Now Pris Dalling, and whoever she was protecting, needed help; he couldn’t walk away, couldn’t not offer his aid in turn.
“I told you about my past so you’d understand that, if you or whoever you’re protecting has become embroiled in any illicit scheme and are finding it difficult to break free, then I, of all people, will understand.” He waited until she turned her head and faced him, he sensed reluctantly. “If they’re in trouble and need help, I’m prepared to give it, but in order to do so, you’ll have to tell me who they are and what’s going on.”
Holding his gaze, Pris found herself facing the crux of her problem. She knew in her heart Rus would never willingly have become embroiled in any illicit scheme, but why hadn’t he come forward and reported what ever it was he’d learned? Why was he hiding?
She didn’t know; until she did…grimacing, she looked back at the lake. “I can’t tell you.”
Despite her best efforts, the words rang with real reluctance; despite her loyalty to Rus, the urge to grasp the hand Dillon held out was surprisingly strong-especially after that incident with Harkness, compounded by Cromarty’s appearance that evening.
Since sighting Rus on the night he’d tried to break into the Jockey Club, she’d learned nothing more of his whereabouts. And with Harkness stalking the Heath and Cromarty swaggering about the ballrooms, her ability to search was becoming restricted.
She needed help, but…
Dillon moved, drawing his hands from his pockets and shifting to face her.
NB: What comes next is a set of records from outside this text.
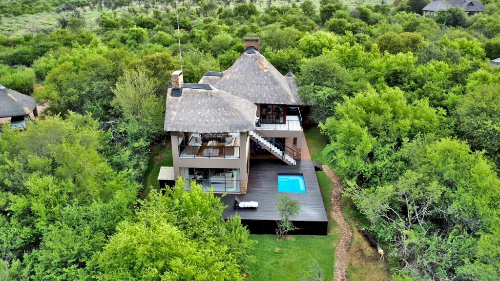 On the ground level, the entrance, three bedrooms and two bathrooms, main-en-suite, welcomes you with beautiful views of the bushveld/river. Large glass doors from two of the bedrooms open onto the pool deck and entertainment area.
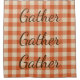 A rust orange and cream buffalo plaid shower curtain is a unique and eye-catching addition to a bathroom decor, combining a classic pattern with warm, earthy colours. The word Gather is customisable so you can change it to add your favourite word like Thankful or Grateful.  The buffalo plaid pattern consists of large, equally sized squares or stripes, usually in a two-colour combination. In this case, the rust orange and cream squares or stripes are arranged in a chequerboard fashion, creating a timeless and rustic aesthetic.
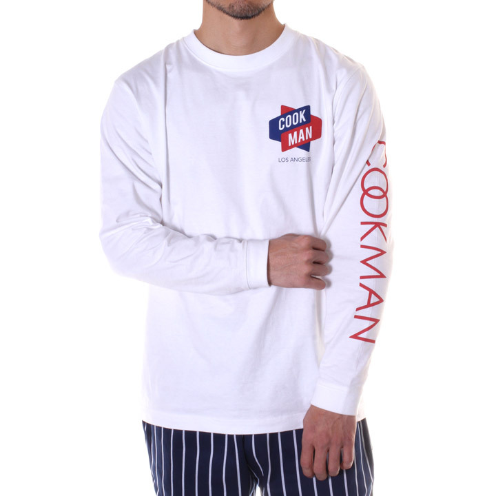 ホワイトに映える星条旗カラーリングのデザインプリントが配されたロンTです。
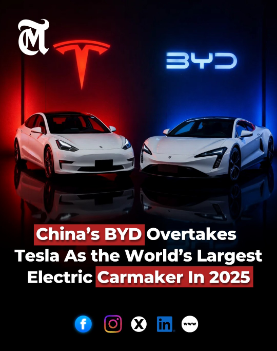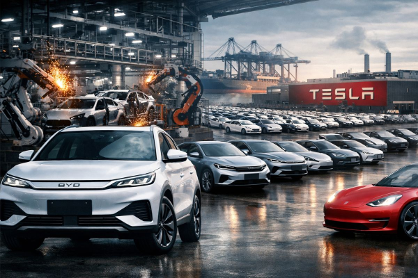 BYD រាយការណ៍ពីការចែកចាយរថយន្តបានចំនួន ២.២៦លានគ្រឿងនៅឆ្នាំ២០២៥ ដែលជាការកើនឡើងជិត ២៨% ពីឆ្នាំមុន ដែលជំរុញដោយតម្រូវការខ្លាំងនៅក្នុងប្រទេសចិន និងការពង្រីកយ៉ាងឆាប់រហ័សនៅក្នុងទីផ្សារក្រៅប្រទេស។ ងាកមក Tesla បានចែកចាយរថយន្តចំនួន ១.៦៤លានគ្រឿង ដែលជាការធ្លាក់ចុះ ៨% និងជាការធ្លាក់ចុះប្រចាំឆ្នាំជាប់ៗគ្នាលើកទីពីរ ខណៈដែលក្រុមហ៊ុននេះ ប្រឈមនឹងការប្រកួតប្រជែងកើនឡើង, ភាពចម្រូងចម្រាសនយោបាយ និងការលុបចោលបន្តិចម្តងៗនៃឥណទានពន្ធរថយន្តអគ្គិសនីរបស់សហរដ្ឋអាមេរិក។
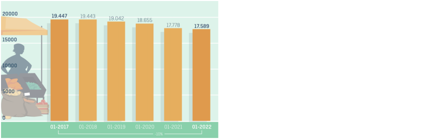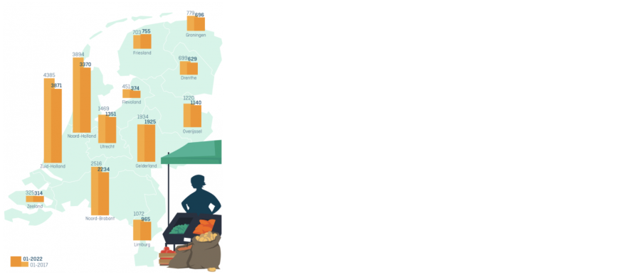 Op de markt is je gulden een daalder waard. De gulden is vervangen door de euro, maar de markt is er nog wel. Hopelijk blijft dat ook zo, want de laatste 5 jaar zien we een geleidelijke afname van het aantal bedrijven die op de markt staan. In 2017 telde het KVK Handelsregister bijna 19.500 bedrijven in de ambulante handel, de officiële term voor verkoop op openbare markten, aan huis of op de openbare weg. Anno 2022 zijn dit er nog maar 17.589. Een afname van 10% in 5 jaar tijd. Martie Bleeker, secretaris van de Centrale Vereniging voor de Ambulante Handel (CVAH) verwacht dat het aantal ambulante handelaren nu stabiliseert. Een nieuwe generatie marktondernemers trekt klanten naar de markt met gezonde en luxere food-producten.
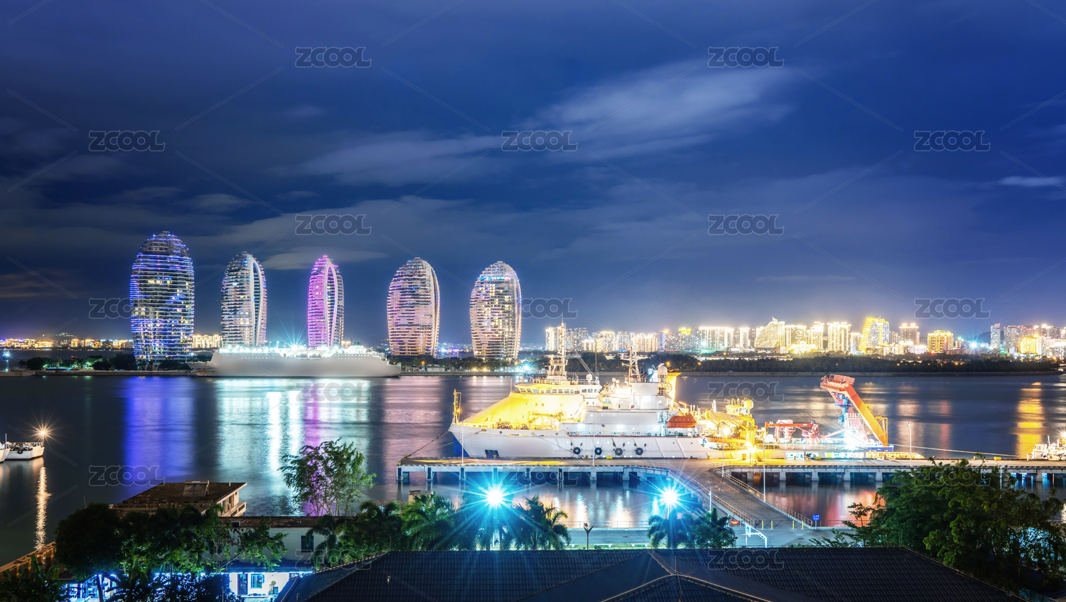 中國(guó)海南三亞灣建筑景觀夜景航拍
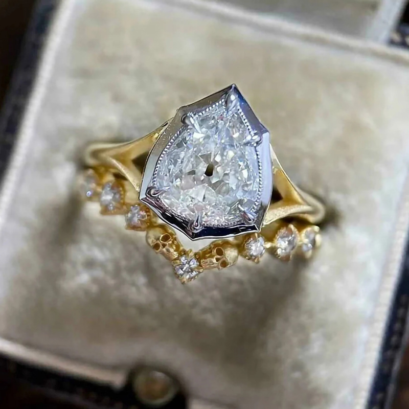 خاتم قطرة الماء الجديد الأنيق خاتم الخطوبة الزفاف عالي الجودة تصميم أنثوي مرصع بمجموعتين من الخواتم
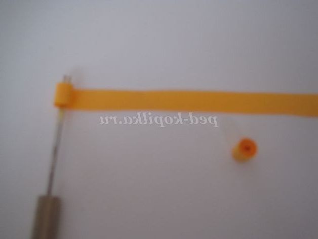 На рол починаємо накручувати періодично підклеюючи середину, смужку шириною 2 див. Кінець смужки підклеюємо з інструменту не знімаючи.
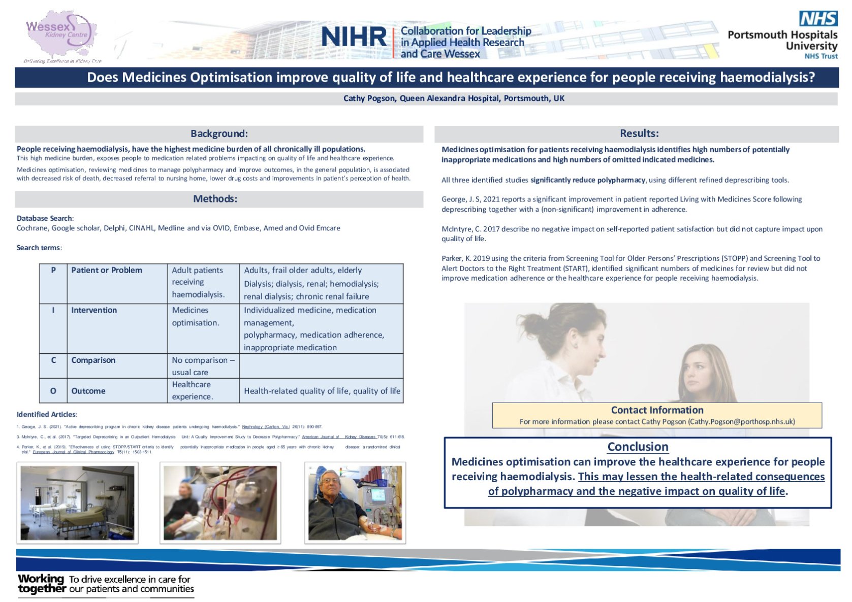 People receiving haemodialysis, have the highest medicine burden of all chronically ill populations. This high medicine burden, exposes people to medication related problems impacting on quality of life and healthcare experience. Medicines optimisation, reviewing medicines to manage polypharmacy and improve outcomes, in the general population, is associated with decreased risk of death, decreased referral to nursing home, lower drug costs and improvements in patient’s perception of health.
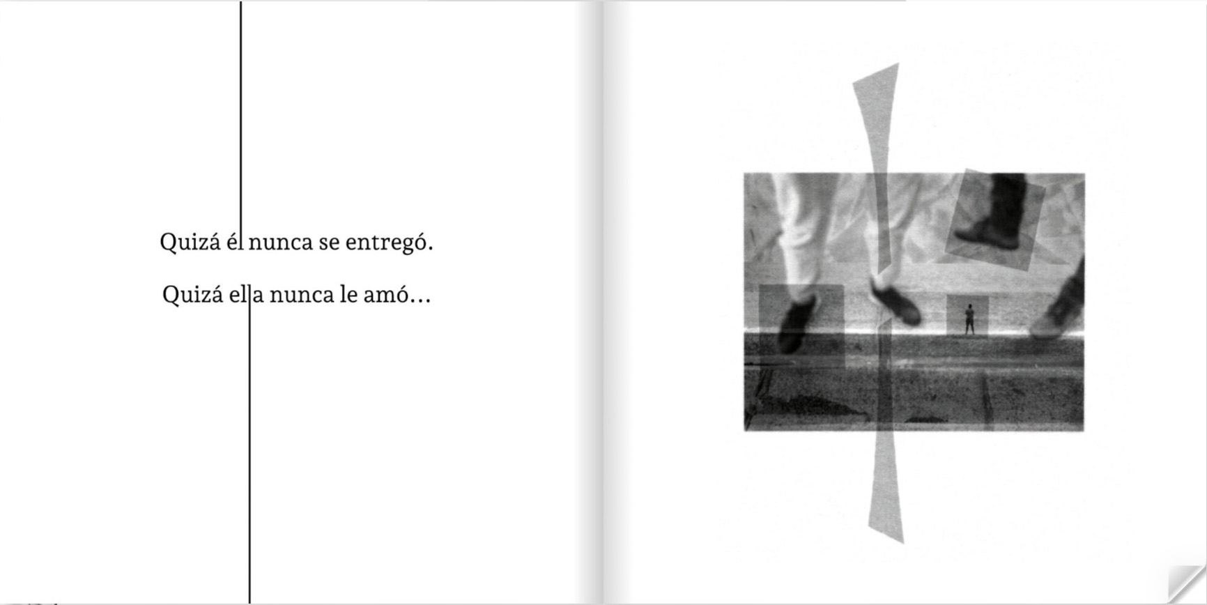 De esta manera, sus encuentros y desencuentros estarán llenos de literatura, de historias y poemas cuyas palabras irrumpirán en el libro ondulantes como el mar, solidas como una columna, dispersas por la sacudida del viento o, en definitiva, desplazadas de su posición lineal y consecutiva por el efecto de su propio significado, con el que juega la diseñadora del libro.
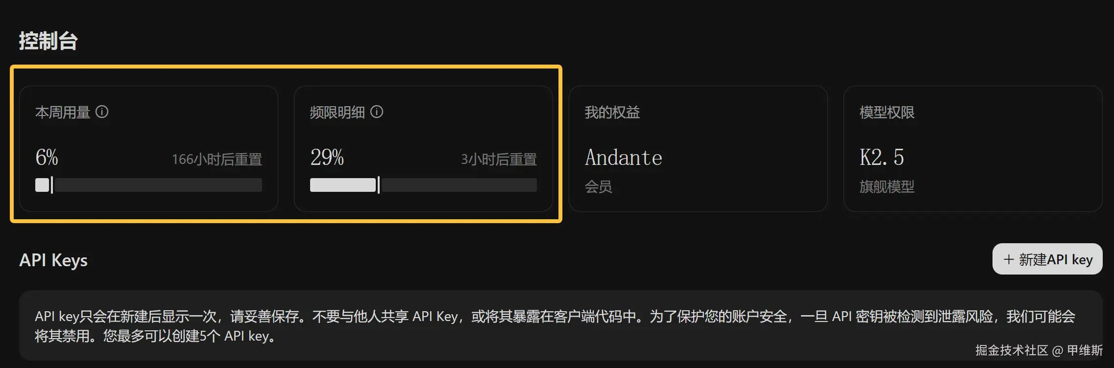 前面都是在第三方平台的接口下测试,肯定有点偏差,所以我直接开了一个 Kimi Code 套餐。
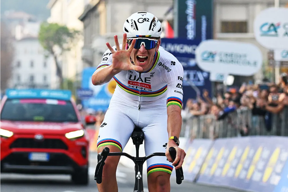 Tadej Pogačar’s relentless rewriting of cycling history continued when he claimed his fifth consecutive victory in Il Lombardia, equalling the record number of wins for the event held by the legendary Fausto Coppi, while also becoming the first rider to win five editions in a row of any Monument. The Slovenian finished 1-48 clear of Remco Evenepoel (Soudal Quick-Step) in Bergamo, with Australia’s Michael Storer (Tudor Pro Cycling) more than three minutes back in third place and Quinn Simmons (Lidl-Trek) fourth. After yet another show of force by his UAE Team Emirates-XRG team, recently crowned world and European champion Pogačar attacked on the climb of the Passo di Ganda, with a little less than 37km remaining. He quickly opened up a gap on his main rivals as he bridged up to and then breezed past Simmons, the sole survivor from the 14-rider break that had formed soon after the start. Cresting the Ganda, Pogačar was 1-15 clear of Evenepoel, Simmons and Storer. As ever, the UAE team leader didn’t falter on the run-in. As he crossed the line in Bergamo holding up five fingers to celebrate his success, he also became the first rider in history to finish on the podium of the five Monuments in the same season, the success taking his total wins in these great races to 10. This puts him equal third in the all-time list with Costante Girardengo, behind Eddy Merckx (19 wins) and Roger De Vlaeminck (11) .
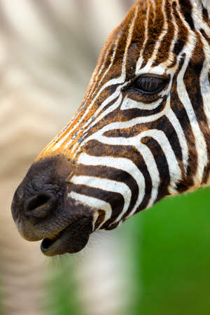 Close-up Portrait of a Burchell's Zebra, Wild Equus Burchellii, Candid Wildlife Photography

He was regrouping to press her further; she struck before he could, offense being infinitely preferable to defense, especially where he was concerned. She looked at him, let their gazes clash and lock-suddenly very aware of him, large, dark and dangerous, one muscled arm draped along the sofa’s back. “I need to know the implications of what I’m telling you before I do. If you’ll tell me what’s in the register…?”
He held her gaze for a heartbeat, then inflexibly replied, “I can’t.”
Where the compulsion came from she didn’t know-part aggression, part rising fear, and partly that wild and reckless craving for excitement and thrills that was as intrinsic a part of her as it was of him.